- [DATA BELOW]:
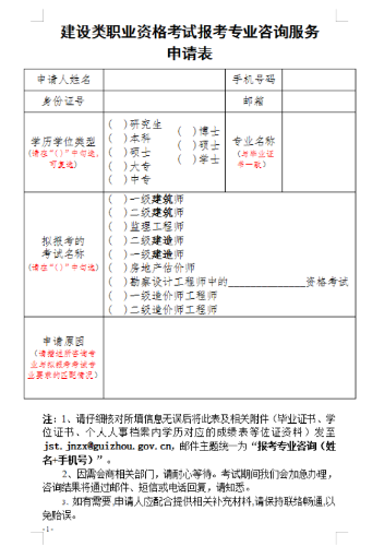 答復(fù):實名制只是認證對學(xué)歷進行認證,并不對認證專業(yè)是否符合報考條件進行審核。通過實名制認證,登錄報名系統(tǒng)后,系統(tǒng)會自動對認證學(xué)歷專業(yè)進行比對是否符合要求。若專業(yè)比對不符合報考條件且認為認證專業(yè)與可報考專業(yè)相近,可填寫《建設(shè)類職業(yè)資格考試報考專業(yè)咨詢服務(wù)申請表》(詳見下表),發(fā)送至郵箱:jst.jnzx@guizhou.gov.cn進行咨詢,郵件主題統(tǒng)一為“報考專業(yè)咨詢(姓名+手機號)”。
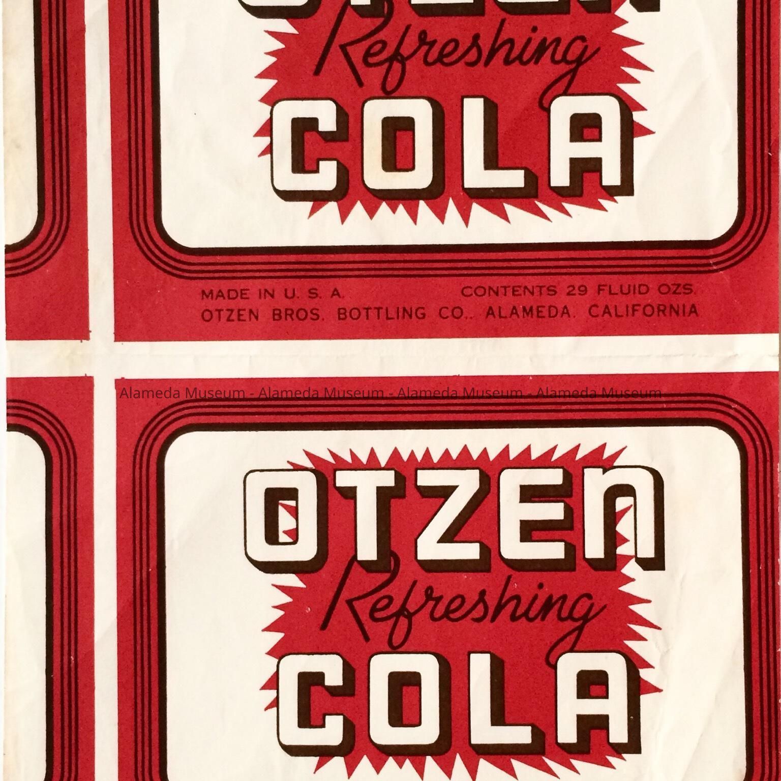 History of Object: Printed paper bottle label for Otzen Cola, Otzen Brothers Bottling Co., Alameda, CA. Circa 1930's.
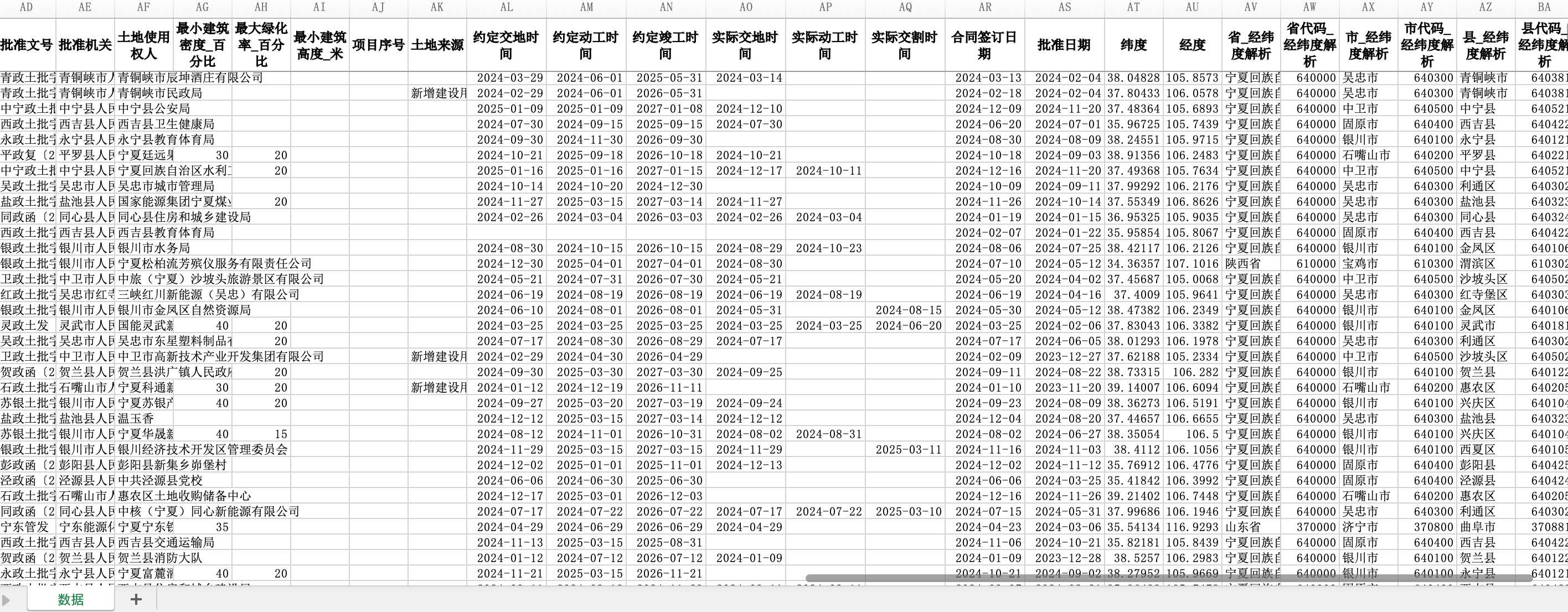 宁夏自治区土地出让结果公告数据宁夏土地出让地块交易明细(2000-2024年,含经纬度)

- [TASK INSTRUCTIONS]:
Please transcribe each line above exactly, but leave the images out.

- [RESPONSE]:
 答復(fù):實名制只是認證對學(xué)歷進行認證,并不對認證專業(yè)是否符合報考條件進行審核。通過實名制認證,登錄報名系統(tǒng)后,系統(tǒng)會自動對認證學(xué)歷專業(yè)進行比對是否符合要求。若專業(yè)比對不符合報考條件且認為認證專業(yè)與可報考專業(yè)相近,可填寫《建設(shè)類職業(yè)資格考試報考專業(yè)咨詢服務(wù)申請表》(詳見下表),發(fā)送至郵箱:jst.jnzx@guizhou.gov.cn進行咨詢,郵件主題統(tǒng)一為“報考專業(yè)咨詢(姓名+手機號)”。
 History of Object: Printed paper bottle label for Otzen Cola, Otzen Brothers Bottling Co., Alameda, CA. Circa 1930's.
 宁夏自治区土地出让结果公告数据宁夏土地出让地块交易明细(2000-2024年,含经纬度)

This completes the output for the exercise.